The C2000 hardware has several addressing modes, including auto-increment/decrement address registers (*XARn++/--). These operands eliminate the need for explicit address calculation when striding through data arrays in loops. At optimization level 2 and above, the optimizer will transform array accesses to enable this addressing mode when possible. This provides a powerful performance boost not only from eliminating non-essential address arithmetic in loops, but also, as we will see in the topics to follow, by enabling the use of other powerful architectural features.

Indexed array accesses in loops

Source code written in a natural C language style, at Optimization level 2+:

int i;
for  (i=0; i < upper_bound;  i++) 
     array[i] = …

will generate:

  • load base address of array into XARn
  • access *XARn++ for each iteration

Signed Array Index Variables

The array index variable (i in the example above) should be a signed integer— not an unsigned integer— whenever possible.
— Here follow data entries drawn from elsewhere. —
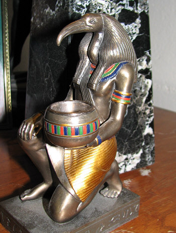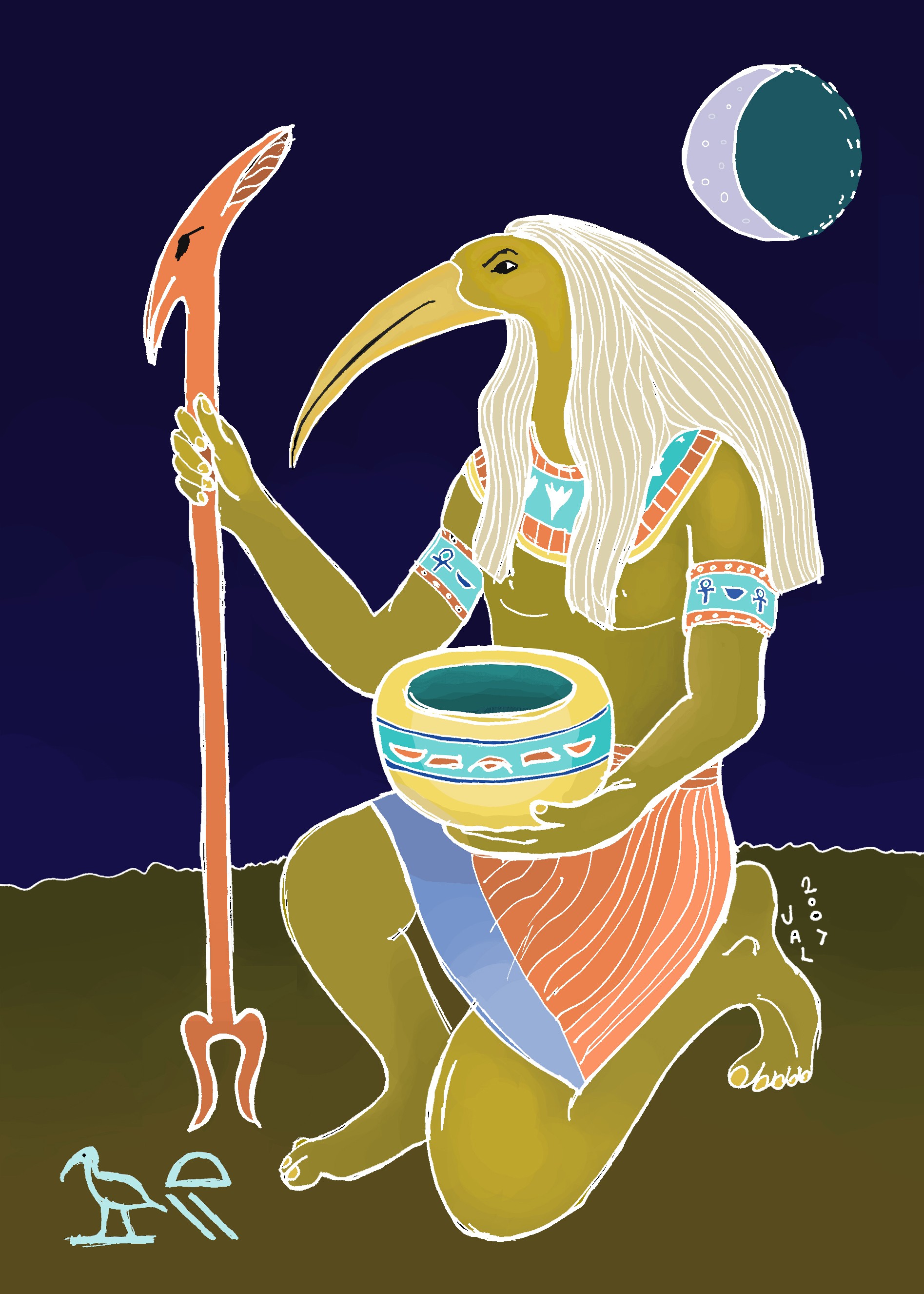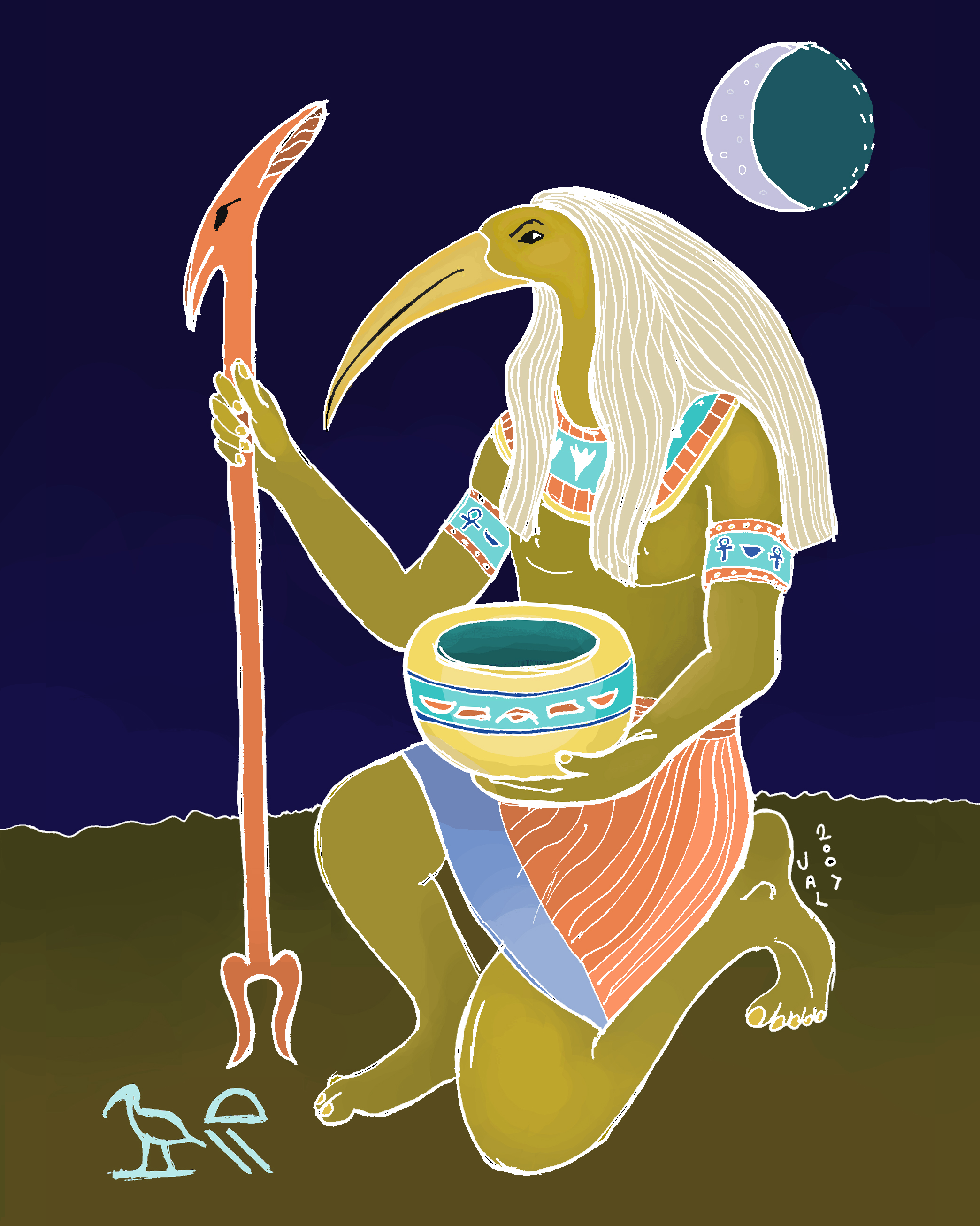 Not satisfied with earlier efforts, I got out the 11in by 14in bristol board and had another try at Thoth. I didn't want to follow the statue exactly, so I gave him something useful to do with the hand that had been resting on his knee! Also, I learned something about the heiroglyph 'neb' which means 'lord of'. The bowl shaped heiroglyph also means 'bowl', so perhaps when Thoth is called 'Lord of Ma'at', they are meaning he CONTAINS Ma'at? So the bowl which I have imagined holds ink for writers and artists, and healing ointment for those who are sick has another meaning. Also, I tried to make the deco on his collar, arm bands and bowl band meaningful, as well as including the heiroglyph for Thoth (Djehuty) in the lower left. In addition, I looked at ibis pictures. The orangish golden beak does exist with the white feathers. Although this is not the coloring of the traditional 'sacred ibis', with its black beak, it is still ibis colors. It made sense then to have the hair white. Also, white hair is often associated with the wisdom that comes with age, and so it makes sense to me that Thoth have white hair. Yes, it's probably not 'Kemetic' standard, but to me it makes sense. As I am trying to impart a sense of 'realism' to the image, and how an ibis head would fit on a human body, golden brown flesh more aesthetically appealing here, this matches better.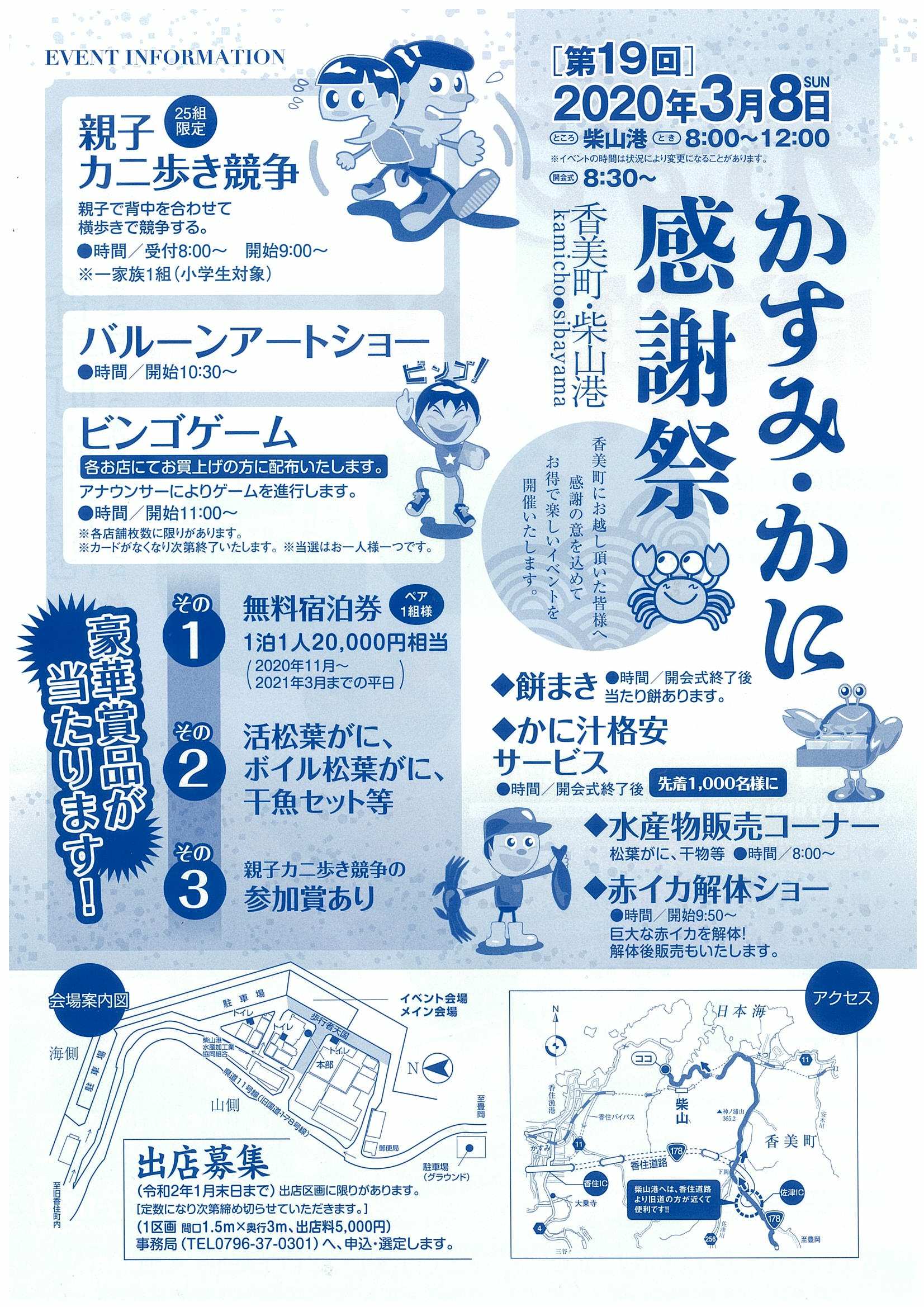 2020年3月8日(日)午前8時00分~12時00分まで、『かすみ・かに感謝祭』を開催します。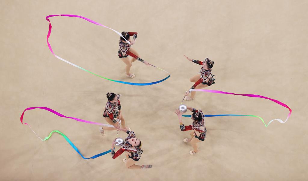 8月10日,中國(guó)隊(duì)在巴黎奧運(yùn)會(huì)藝術(shù)體操項(xiàng)目集體全能決賽中。新華社記者 郭昱 攝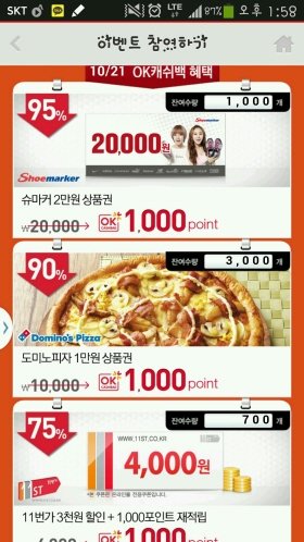 매일 하루하루 다른 OK캐쉬백 제휴 상품 할인권을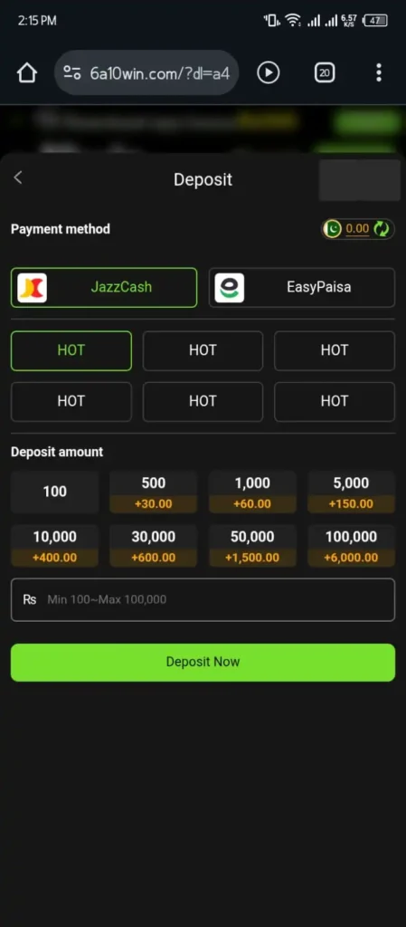 Deposit Process of 10Win App

To the programmer, using an unsigned integer might be logical—after all, the programmer assumes the array index variable will never have a negative value. However, the semantics of unsigned integers mean that unless the optimizer can prove the lower and upper bounds of the value, it must not assume the value won’t wrap around. In order to translate array[i] to *XARn++, the compiler must prove that the value of i, and hence the address, is strictly increasing. In the absence of a known upper bound, the compiler can’t rule out wrap around of the index variable and thus can’t perform the transformation.

The C language semantics of signed integers mean that wrap-around is undefined behavior. Therefore, the compiler is not bound to support wrap-around for signed integers and can do the transformation without needing to prove an upper bound.

If the programmer specifically wishes to use an unsigned integer for greater range of values, the optimizer can still perform the transformation if an upper bound is statically knowable— such as through the use of a macro, constant (if the definition can be seen in the scope of optimization), or #pragma MUST_ITERATE.

Address strictly increasing or decreasing by 1

Additionally, the array accesses must be determined to be strictly increasing (or decreasing) by increments of 1. The Optimizer can transform array accesses to this addressing mode when it can detect that the addresses computed per iteration only vary with respect to the incremented loop index value. For example:

int i, j;
float sum;
for (i = 0; i < N; i++)
     for (j=0; j < M; j++)
          sum += array[j] * array[j - i];


Single Repeatable Instructions

The C2000 architecture has numerous instructions that can be issued as single repeatable instructions (RPT || ). This construct eliminates all branching overhead and only adds a total of 1 or 4 cycles depending on whether the repeat count is used as an immediate value or register, respectively. When possible, the C2000 compiler will transform loops containing supported operations into single repeatable instructions. Supported operations include various types of multiply-accumulate instructions, memory initialization with 0, 32-bit memory add, unsigned subtraction used in integer divide, and block copies. (See Appendix 1 for source code examples.)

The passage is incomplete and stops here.